Nick, maybe I'll add, you know, Kirk, maybe a little off. We know and we're excited about Kirk being the permanent CEO because we know, you know, he will move in the right direction. I have many people that worked for Kirk when he was at Procter, and they always tell me Kirk is the best leader they've ever worked for. Just so you guys get that. Thank you, Mike. But the other thing that should give you some reassurance, Nick, is if you listen to what Kirk is describing, it's exactly the challenges we had. I mean, we're very similar companies historically. I'd say a lot of decentralization, which has a lot of pluses, but has its drawbacks, right? And so, you know, so decision-making historically dispersed, you know, lack of clarity on who owns the number. You heard Kirk mention that. You know, we've been through that, too. You know, and also the thing that we also talked about was, like us, you know, I think, Nick, you may remember us, we were probably a little too earnings-focused in our past. And I think Kenview and maybe even within J&J and Consumer had a similar perspective. And so you start to atrophy some of the growth capabilities when you do things that way. And so we've been – and when I said I've walked a marathon in those shoes, it's exactly the whole journey that we've been on. And that's why I'm so confident that we can work together and really help the Kenview brands really take off.

Nick Modi, Analyst — RBC Capital Markets

Great. Thanks, guys.

Speaker 3

The next question will come from Lauren Lieberman with Barclays. Please go ahead.

Lauren Lieberman, Analyst — Barclays

Great. Thanks. Hey, good morning. Two sets of questions. So first, it's just piggybacking off of just your discussion, pointing out, Mike, some of the similarities between the companies historically. But there's also some interesting differences, right? Like, Kimberly-Clark, when we go back to historical, right, much more commodity exposed and sort of, you know, low gross margin, heavy capex, technical, you know, innovation in manufacturing, a very tight portfolio of brands, right? But Kenview's got a very long tail, I believe, that needs some cleaning up. I think Kimberly always had a pretty clear strategy given the limited category footprint, right? So it may have been a little bit different by market, but at the end of the day, it was a pretty clear direction of travel given the categories in which you competed. Kenview's very, very broad. So I wanted to talk about maybe some cleanup work that still needs to happen at Kenview. So how much, Kirk, do you think you can start to take on, I mean, over the next nine months? It might be a little tough, but I think that's a big topic because everything in the slide speaks to the big brands and arguably maybe still too many geographies, but this is a very, very – Kenview was complex to begin with, and now this becomes more complex for Kimberly-Clark to take on, which is a very different mode of operation also, Mike, than you've been moving in, right? You've been trying to tighten things up, and now you're going to get very broad again. And then I'll ask my second question.

Mike Hsu, CEO

Yeah, maybe, Kirk, I'll start. The one thing I want to clarify is kind of like, hey, because this is kind of a different set of categories for us. That's clear. It's a different kind of pivot for us. I will tell you, Lauren, like everything that we've been doing in our transformation was designed to meet this moment. I mean, that's really, you know, the focus. We built a world-class team that's enabling us to win in the toughest categories. Kirk, you would agree, the toughest categories in CPG. We're very confident in KC's organic path, right? And I'll be clear, and you guys can click further on this, I'm way more excited about our next 10 years and think our innovation for the next 10 years is way more than what we had in the last 10 years. And so I think we've got some big stuff coming on, you know, organically with Kimberly-Clark. However, the strategic logic, Lauren, is I really wanted the company to have greater exposure to higher growth, higher margin categories. That's why we made some of the portfolio we moved with our international tissue business, private label, you know, PPE, some of those things.

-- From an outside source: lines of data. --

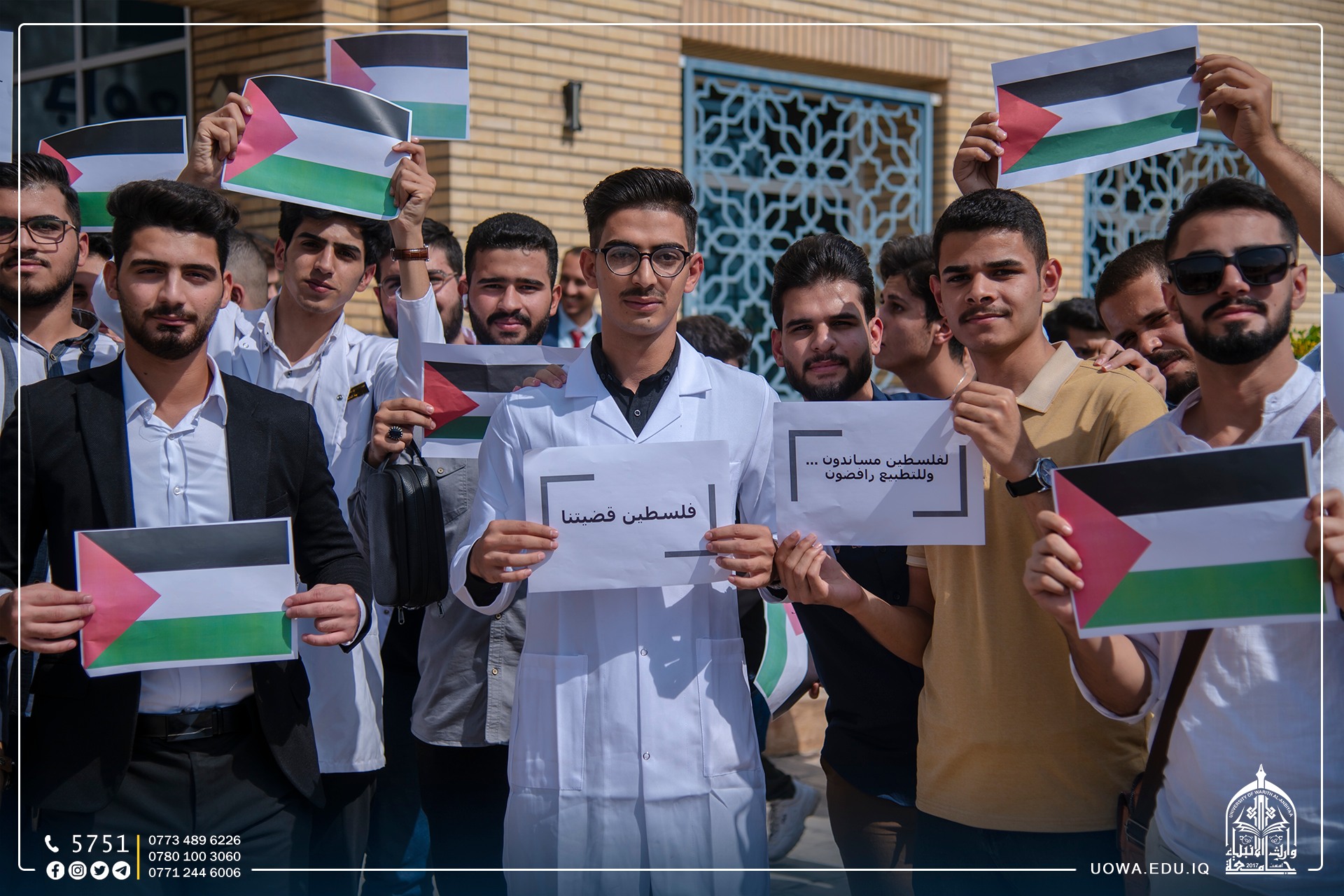 جامعة وارث الانبياء(عليه السلام) تنظم وقفة تضامنية مع الشعب الفلسطيني، وتؤكد مساندتها للشعب الفلسطيني الأبيّ في مقاومته الباسلة للمحتلين، وإن العالم كله مدعوّ للوقوف في وجه هذا التوحش الفظيع ومنع تمادي قوات الاحتلال عن تنفيذ مخططاتها لإلحاق مزيد من الأذى بالشعب الفلسطيني المظلوم، ويجري هذا بمرأى ومسمع العالم كله ولا رادع ولا مانع، بل هناك من يساند هذه الأعمال الإجرامية ويبرّرها بذريعة الدفاع عن النفس!
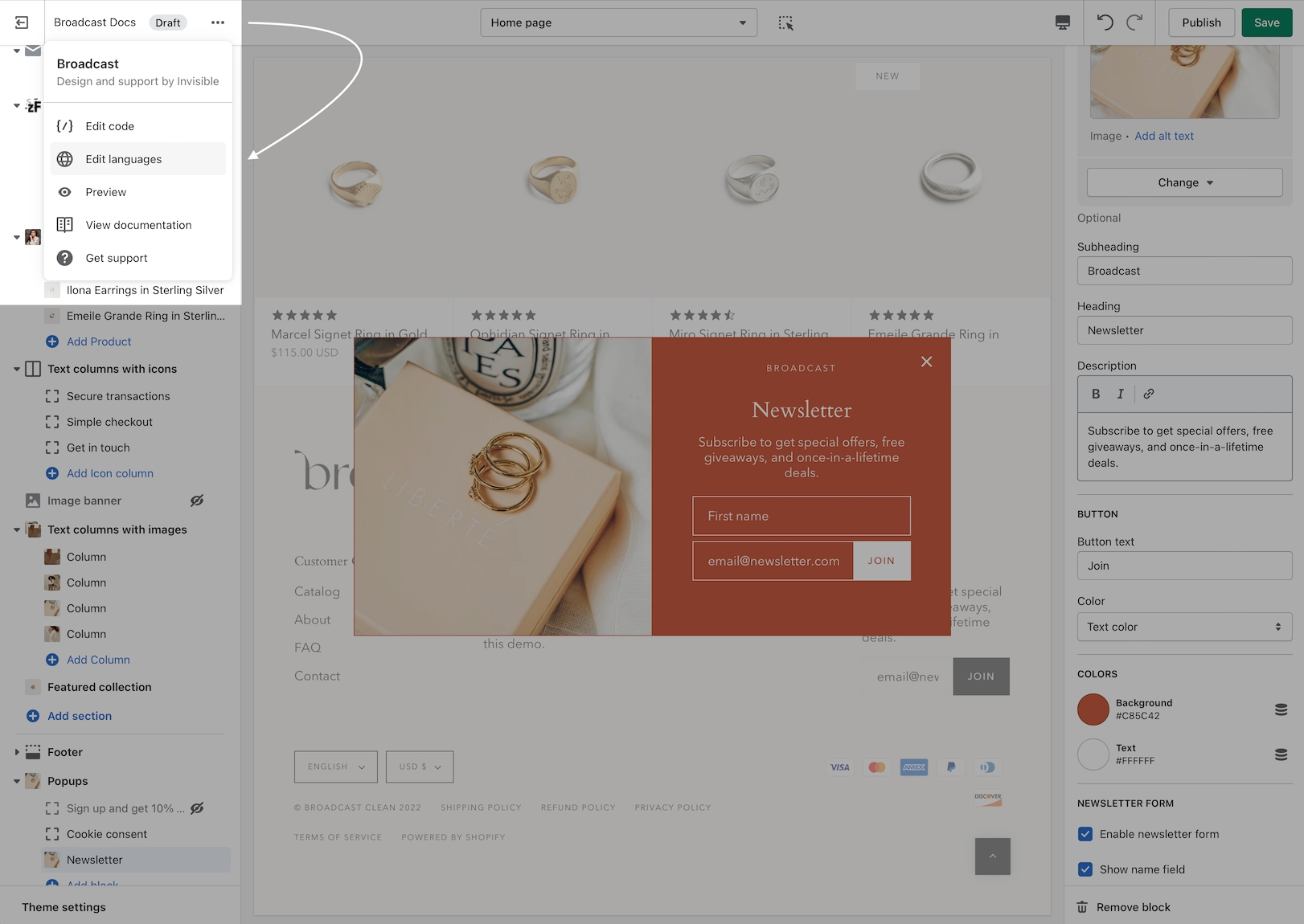 To configure the success message and include the Coupon Code, use the Language editor (Edit languages).
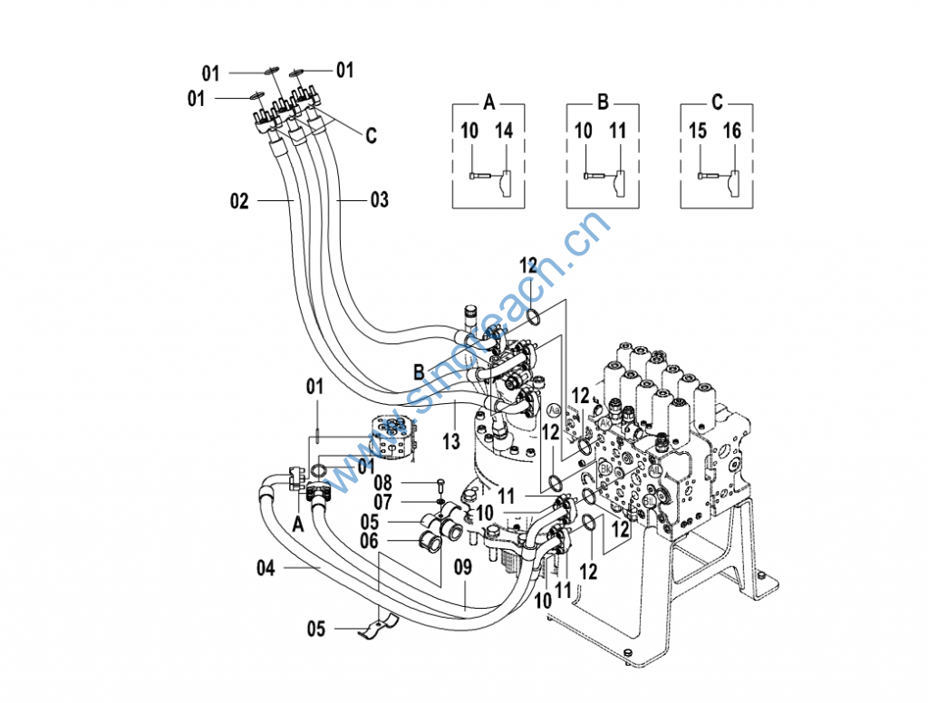 CLG920E/922E 15E1097(C) 主控阀配管 B MAIN HYDRAULIC SYSTEM-MAIN CONTROL VALVE PIPINGS B
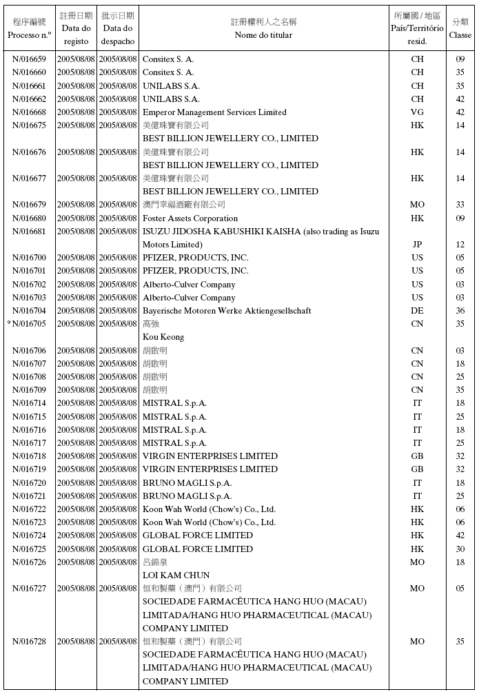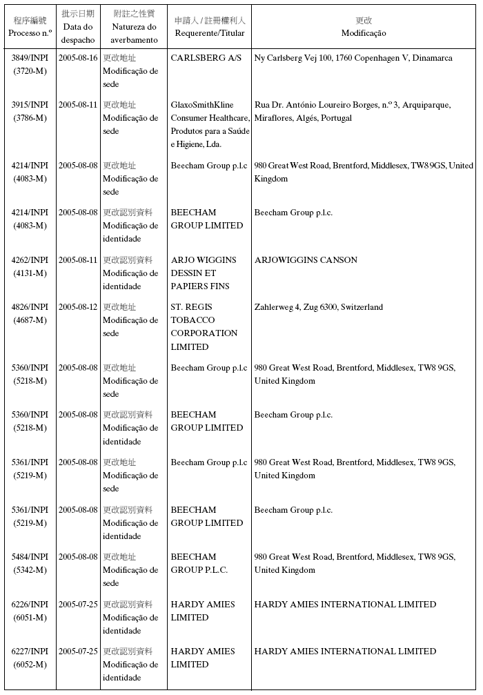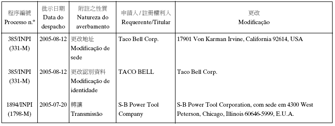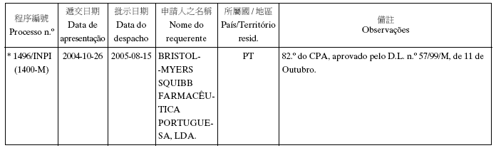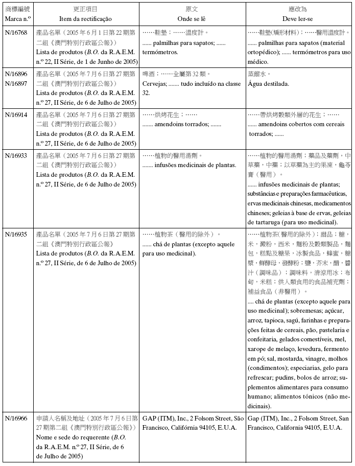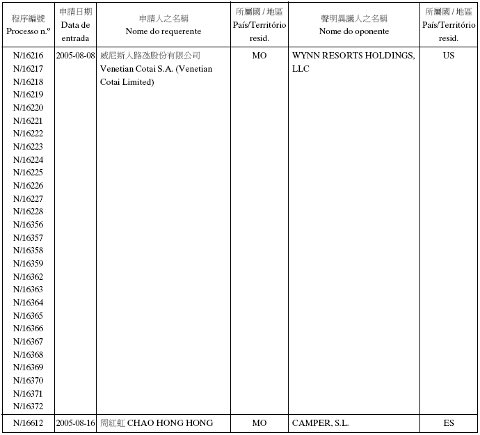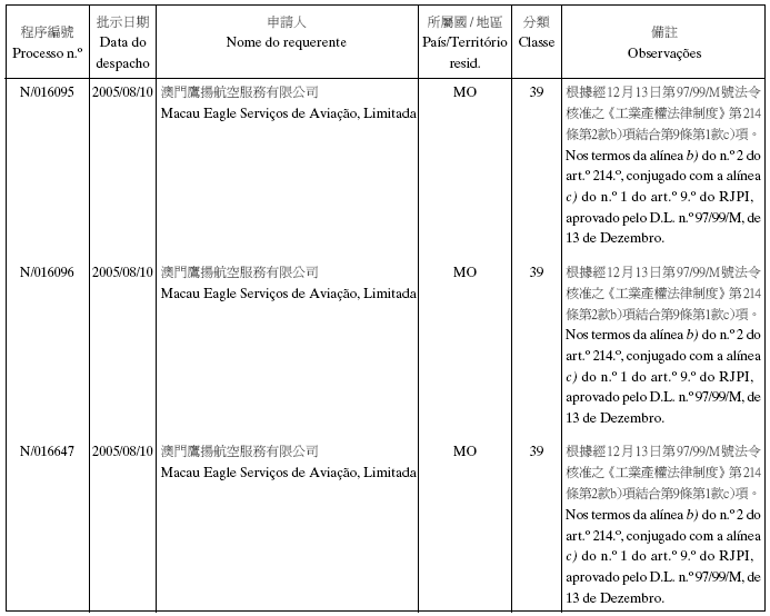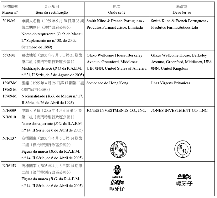 Em conformidade com a alínea d) do n.os 1 e 2 do artigo 10.º do RJPI, aprovado pelo Decreto-Lei n.º 97/99/M, de 13 de Dezembro e de acordo com os artigos 275.º a 277.º do referido diploma, cabe recurso para o Tribunal Judicial de Base, dos despachos abaixo mencionados, no prazo de um mês a contar da data desta publicação.

But, you know, and then as, you know, we did an exhaustive diagnostic of the whole CPG universe and beyond the CPG universe, and I would say everything led us to health and wellness because, you know, the macro trends of global, the global population aging, right? So the U.S. population and developed markets are clearly aging, but even developing markets are going to see that, and you're starting to see that impact. And so for us, when you think of an aging global population, health and wellness has the biggest tailwind behind it, you know, and it's just going to continue accelerating for the next 30 years, right, in that direction. So that was kind of some of the strategic logic. So then once you cross the bridge and say, ooh, health and wellness, and I know, Kirk, you guys, like, have been under pressure and everything else. For you, for us, like, Kenview was always, like, the crown jewels. like the number one name that, you know, we have been thinking about for a long time. And so, and obviously, I think you know that the brands are so great. And so, you know, with that, you know, I'll pause there and let maybe Kirk address some of your questions.

Kirk Perry, CEO

Sure. Hey, Lauren. So on the brand question, you're 100% right. We talked about this back in August. We have 115 brands that are in the portfolio. 41 really are multi-regional or global and represent the core of our business. And as we go forward, I think about it in terms of between now and close, back to my four priorities as I think about strategy and execution. On the strategy front, we're going to be talking more to you all about this related to what it is we can really uniquely have a point of difference on with our brands, and that is around three things. One is insights, true insights, not facts, not accepted consumer relief, but insights that open the hearts and minds of consumers that we build our innovation on and our marketing on. The second piece is claimable science-based advantages. And the third is healthcare professional recommendations. Those are our three nodes, we call them, and we're going to be relentlessly focused on that. If the brands don't fit into the ability to do that, obviously, we're going to look at ways to optimize our portfolio to make sure that we can focus on those three things. As an example, again, something we talked about, our top 10 markets and top 10 brands in those markets represent north of 75% of our sales. So we're very concentrated, and we know that if we focus on them and we grow share on them, the rest will take care of itself. The other thing is from an executional standpoint, we know that, and I mentioned this, our bottom 30% of SKUs that really bog us down operationally, we are actually implementing this now. We're reducing the bottom 30% of our SKUs in all of our core regions, which will allow us to focus on the bigger part of our portfolio and get a lot of the executional muck out of the way. So we are going to continue to focus on that. So, yes, there are things in the portfolio that won't fit long-term, and as we get closer to close, we will obviously have more aggressive discussions about that.

Mike Hsu, CEO

Yeah, and I think, Lauren, I forgot to mention that part, which is the complexity. Yeah, I mean, I definitely see that Kenview has a more complex product and geographic portfolio. The thing I'll also say, as Kirk works through that prioritization process, you know, Nelson and I are not strangers to portfolio complexity. We led the biggest profit center at Kraft, and in our grocery division, Nelson, we had, as I recall, 40 categories and 47 brands. And in our tenure, you know, I would say our performance of the division when we were there was 4% top line and 10% bottom line. You know, we learned how to manage through that complexity. So, you know, I would say, yeah, you know, again, we want to have operational discipline, you know, look to have kind of an efficient portfolio, but there are ways to manage complexity efficiently as well.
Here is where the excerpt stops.